"Avida Dollars" was a derogatory nickname given to Salvador Dali by Andre Breton, the "leader" of the Surrealist movement. (Hint: it's an anagram of "Salvador Dali", and means, in an inter-linguistic mishmash of translation, "Greedy for dollars").

Breton came up with the name because of what he saw as Dali's commercial exploitation of his own art, which was (Breton thought) interfering with the artistic integrity of the Surrealist movement. Dali had been the poster child of Surrealism for a few years but as his own success and reputation grew he started to want to make a break with the movement, whose restrictions and rules for their members he felt to be a burden on the creative (and yes, commercial) freedom that he wanted.

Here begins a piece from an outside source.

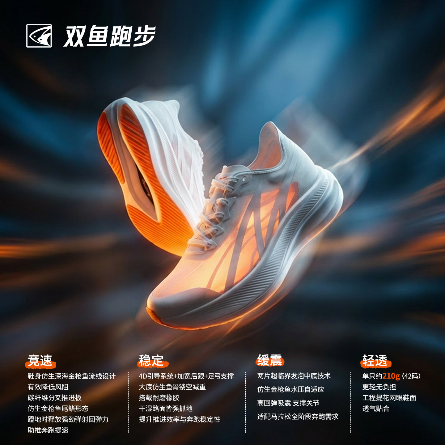 双鱼跑步碳板竞速跑鞋鲔鱼1代进三小白鞋专业跑步鞋碳纤维板透气

He had already started to poke fun at the Surrealist sensibilities in rather childish ways - for instance, he had somehow come to the conclusion that Breton "did not like anuses" and hence had started to "sneak them in" to several of his paintings through his favourite device of concealed images. They had been having more and more open disagreements, but when Dali started to sell his "Surrealist objects" (a famous example being his lobster telephone) and paintings for large amounts of money to buyers mainly in the United States, Breton finalized the break with this nickname, which became famous.

Dali, however, did not seem to be in the slightest bit bothered, and his commercial endeavours, for which he did not apologize, did not prevent Avida Dollars from going on to produce some of the greatest paintings of the 20th (or any) century.